I do not think that Marxism is a good idea. I think it's foolishness to think that a bureaucracy will do anything but look after itself - and it will use police powers to enforce its decisions. And yet there are many socialists / communists / Marxists out there (yes I understand the differences, I too have read underdevelopment theory) who think that there can be a future where basic needs are met (good food, housing, healthcare, things to do and safe neighborhoods) without having to work for a living. (See the UBI movement as an example.)
The concern that there will not be enough jobs for all is not unreasonable. In less that 40 years these jobs will be gone - taxi drivers, truck drivers, stock-shelf refillers (Home Depot, Target, Walmart, A&P, Walgreens, CVS), warehouse people, most middle-management jobs (including gov't), basic financial services (banks and brokerages) and more.
Restaurants will hire cooks and waiters will only be there for customer interaction. They will not be needed to order food, to bus the tables, etc... So fast food places will have 1 or 2 people per shift as opposed to 10.
This is our future.
If you're scared of your govt then you need to further restrict its powers
Vote 3rd Party in 2016 and beyond
I see no technology in the near term future that I think has any reasonable probability of causing mass unemployment greater than we've seen in previous generations and in previous technological eras.

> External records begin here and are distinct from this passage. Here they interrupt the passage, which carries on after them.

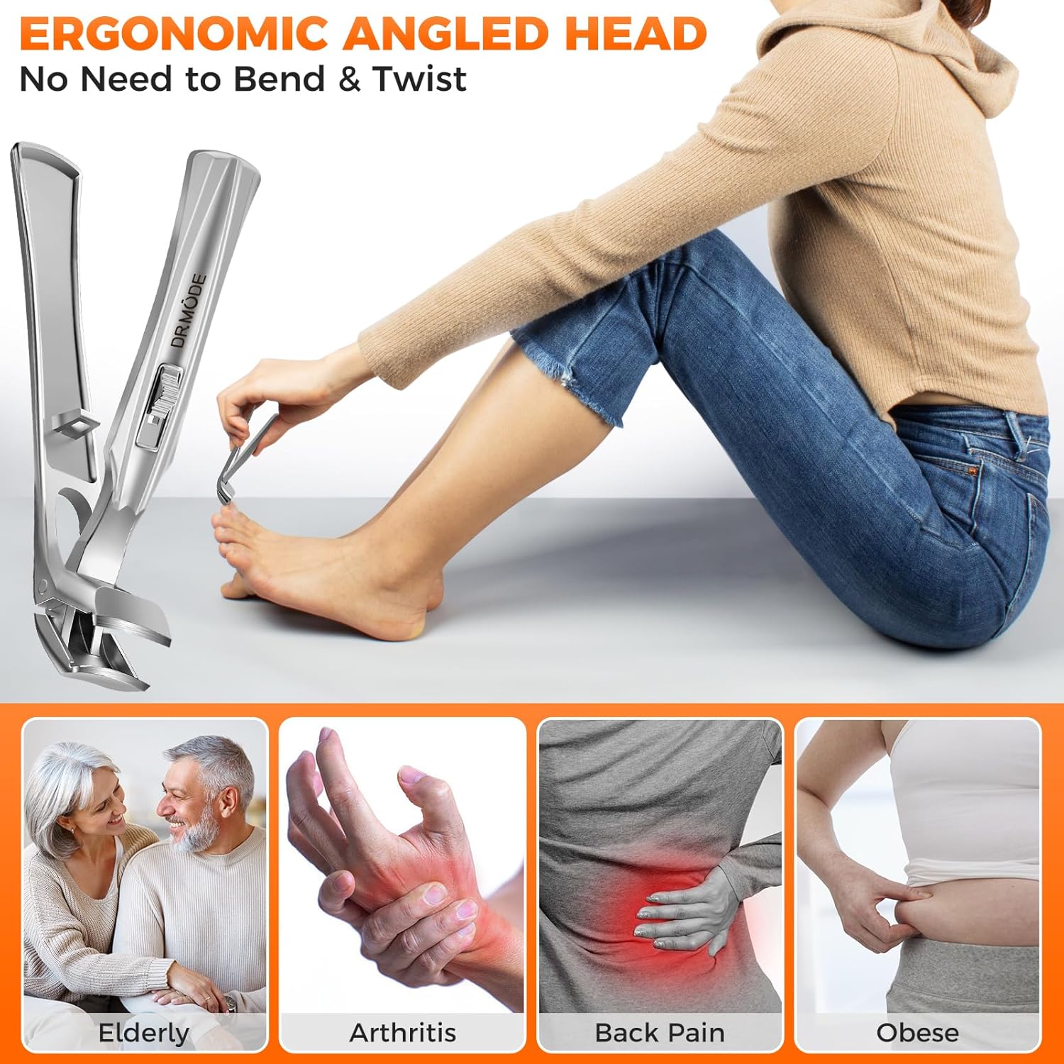 - NO NEED TO BEND & MORE COMFORTABLE - New angled head nail clippers are ergonomically designed, providing a clearer view of the blade and nail for accurate and confident nail cutting.With this nail cutter, there's no need for awkward twisted postures when cutting your toenails. Nail clippers with catcher is suitable for the elderly, pregnant women or men, etc
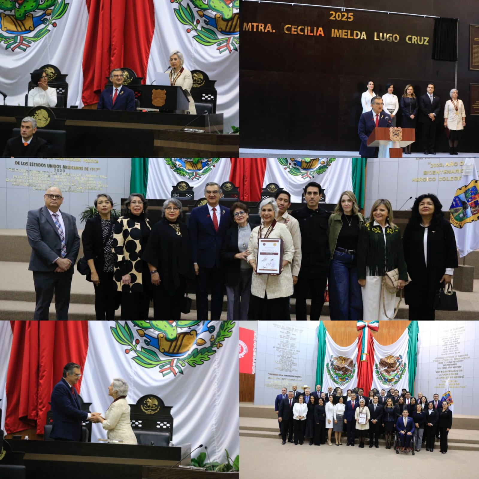 Ciudad Victoria, Tamaulipas.– El gobernador Américo Villarreal Anaya entregó la Medalla al Mérito “Luis García de Arellano” a la maestra tampiqueña Cecilia Imelda Lugo Cruz y develó su nombre con letras doradas en el Muro de Honor del Congreso del Estado, como un justo reconocimiento por su trayectoria profesional y ejemplar en la danza, la literatura, el teatro y la poesía, además de ser una destacada bailarina coreógrafa, gestora cultural, y una figura emblemática de la escena dancística nacional.
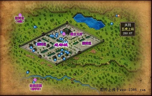 作为蜀国英雄传奇中的一员,当然得先了解自家环境。一看环境,还是一个字,囧!历史上的关羽是守荆州一带的,现在却把关羽放到东北的方向守长安。刘备、诸葛亮居主城大厅,赵云做着御前侍卫,张飞被派作了城市副本看守员,压力啊!不知是否游戏开发人也不满关羽的大意失荆州,把他放到东北防守魏国好了,但那片也就十级以下的任务和怪,十级以下一直围着关羽转,看着五虎上落得如此下场,囧啊!
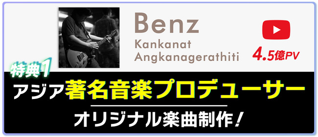 作曲した楽曲のYouTube視聴数は4.5億回超。アジアで活躍する著名な音楽プロデューサーBenzがオリジナル曲を提供します。
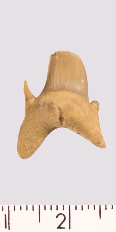 Зуб. Акула. Rhaphiodus sp. Классификация: Хордовые Chordata, Позвоночные Vertebrata, Хрящевые рыбы Chondrichthyes, Пластиножаберные Elasmobranchii
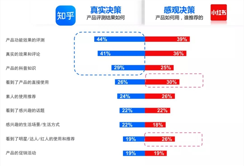 图:知乎用户偏真实决策,侧重于以评测结果或真实效果为依据, 红书用户偏体验决策,侧重于参考使用经验及人群推荐做决策。
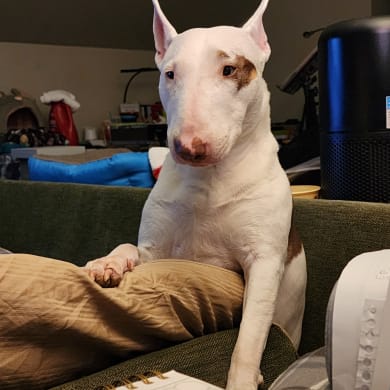 I'm Petunia, and I'm a five year old Bull Terrier living in the Ozarks, USA! I was adopted thru Bull Terrier Rescue Mission, a nationwide program that works to save Bull Terriers from shelters. I am obsessed with my Mom and yak chew bones! I love long hikes, especially if there's lots of rocks to climb! I enjoy brief swims if Mom is right by my side, and I love riding in boats or on a paddleboard! I sometimes burst into delighted spins and zooms because that's how the Bull Terrier do.

Natural language processing, self-driving vehicles, and improved virtual assistants for starters. I'm not saying they are certain to cause mass unemployment, but they certainly have a reasonable probability of doing that. Job displacement caused by software create job displacement at a much faster rate than those caused by robotics, because they are deployed at a much faster rate.
-- All that is necessary for the triumph of evil is that good men do nothing. -- Edmund Burke
I've noticed a lot of people do not seem to understand the dangers of AI.
People seem to think that their job is somehow special, that they can never be replaced by a machine.
Also there is another group of people who seem to think that it's not a big deal, that just like the industrial revolution, new jobs will pop up for people to migrate to.
Both are wrong.
As of yet, there is nothing inherently special about a human being that cannot be reproduced by machines. When you can mechanize a human in it's entirety, new jobs created will be filled by machines.
Think creativity is some kind of magical power exempt from being reproduced by AI? Think again. There are AI right now that can paint, create new music, write news articles etc. And their works are indistinguishable from those produced by their human counterparts.
AI can code, robots can build and support and repair robots.
Even jobs who people consider "safe" (doctors, lawyers, etc) will eventually disappear. Imagine an AI doctor, who can in a fraction of a second, know your ENTIRE medical history as well as all drugs you where ever prescribed in your life time and know all possible interactions between those drugs and is up to date on research on your particular ailment that was published 1 hour ago. No human doctor could compete. And these AI doctors will work 24/7,365 days a year. No sick days, no training, no family drama to worry about while at work.....
Do you think it's coincidence that the first widely available commercial application AI happens to be autonomous road vehicles? The transportation industry is the #1 industry in North America in terms of total number of people employed (truck drivers, taxi drivers, pizza delivery, etc.).
Why do you think some governments have started experimenting with or looking into basic universal income?
That sonofabitch has one hell of a nerve lecturing anyone about hubris.